SUMMARY JUDGMENT REVIEW

We review a grant of a motion for summary judgment de novo. KCM Fin. LLC v.

Bradshaw, 457 S.W.3d 70, 79 (Tex. 2015); Nall v. Plunkett, 404 S.W.3d 552, 555 (Tex. 2013).

In a traditional motion for summary judgment, a movant must state specific grounds,

and a defendant who conclusively negates at least one essential element of a cause of

action or conclusively establishes all the elements of an affirmative defense is entitled to

judgment as a matter of law. See TEX. R. CIV. P. 166a(c); Id. In a no-evidence motion for

summary judgment, the movant contends that no evidence supports one or more

essential elements of a claim for which the nonmovant would bear the burden of proof

at trial. TEX. R. CIV. P. 166a(i); KCM Fin. LLC, 457 S.W.3d at 79. The trial court must

grant the motion unless the nonmovant raises a genuine issue of material fact on each

challenged element. Hamilton v. Wilson, 249 S.W.3d 425, 426 (Tex. 2008) (citing TEX. R.

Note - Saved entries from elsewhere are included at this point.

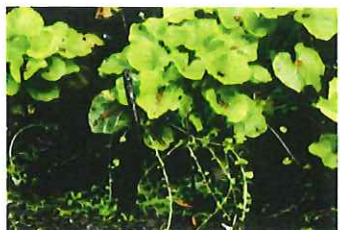
山葵 ワサビ 花が終わり茎 が伸び種が遠くに広がる
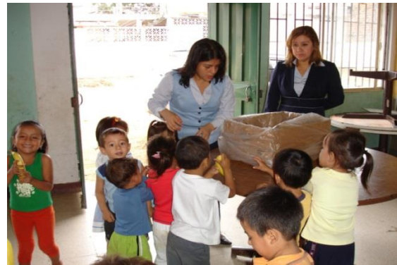
Gráfico N°4 Beneficiarios niños del INNFA

Como se puede observar en los gráficos anteriores la ayuda social es principio básico del comercio justo, es por ello que a través de la investigación se conocerá si este rubro ha sido utilizado de la manera correcta o demostrara la forma de seguir con estos proyectos.
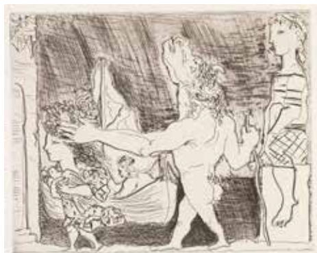
Pablo Picasso Minotauro ciego guiado por una niña, II, 23.10.1934 Suite Vollard-Miscelánea
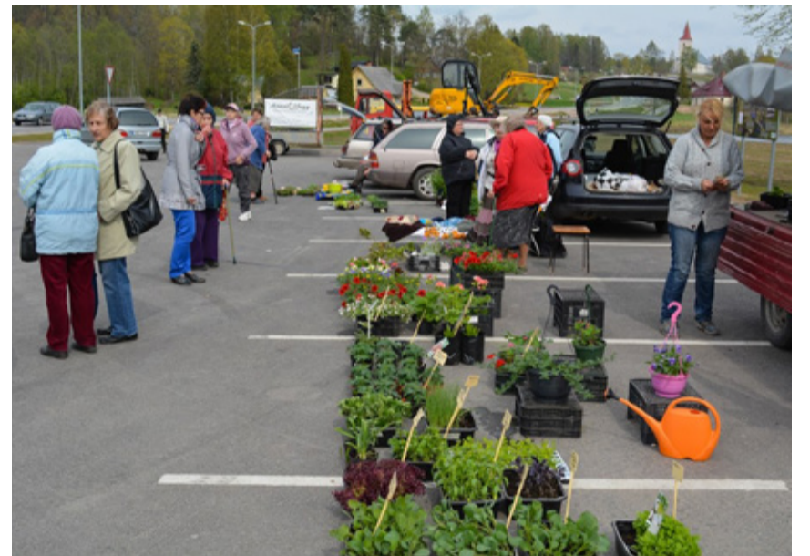
Fotomälestus kümne aasta tagusest kevadisest taluturust Ala-Rõuges.
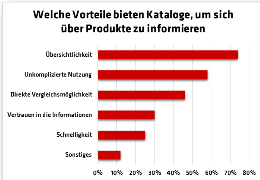
Abb. 1: Katalogverwender lieben die Übersichtlichkeit von Katalogen 1

CIV. P. 166a(i)). If the order granting the motion for summary judgment, such as the one

in this case, does not specify the grounds upon which judgment was rendered, we must

affirm the judgment if any of the grounds in the motion for summary judgment is

meritorious. FM Props. Operating Co. v. City of Austin, 22 S.W.3d 868, 872 (Tex. 2000);

Williams v. Parker Page 2 Lotito v. Knife River Corporation-South, 391 S.W.3d 226, 227 (Tex. App.—Waco 2012, no

pet.).

Further, if a no-evidence motion for summary judgment and a traditional motion

for summary judgment are filed which respectively asserts the plaintiff has no evidence

of an element of its claim and alternatively asserts that the movant has conclusively

negated that same element of the claim, we address the no-evidence motion for

summary judgment first. Ford Motor Co. v. Ridgway, 135 S.W.3d 598, 600 (Tex. 2004);

Lotito, 391 S.W.3d at 227. The amended motion for summary judgment filed by Parker

addressed the three causes of action raised by Williams’ petition: ordinary negligence,

negligence per se, and negligent entrustment. Parker asserts a traditional motion for

summary judgment as to the ordinary negligence claim, a no-evidence and a traditional

motion for summary judgment as to the negligence per se claim, and a no-evidence

motion for summary judgment as to the negligent entrustment claim. Only the

traditional and no-evidence motion for summary judgment as to the negligence per se

claim addresses the same element. Thus, we will consider the motion for summary

judgment as to each cause of action, separately; and, while considering the negligence

per se cause of action, we will discuss the no-evidence motion for summary judgment

first.

Negligence

Williams alleged in his first amended petition that Keeth failed to use ordinary

care while operating a motor vehicle which was a proximate cause of the accident. The

Williams v. Parker Page 3 elements of a negligence cause of action are the existence of a legal duty, a breach of

that duty, and damages proximately caused by the breach. IHS Cedars Treatment Ctr. of

Desoto, Texas, Inc. v. Mason, 143 S.W.3d 794, 798 (Tex. 2004). The components of

proximate cause are cause-in-fact and foreseeability. See Western Invs. v. Urena, 162

S.W.3d 547, 551 (Tex. 2005); Mason, 143 S.W.3d at 798.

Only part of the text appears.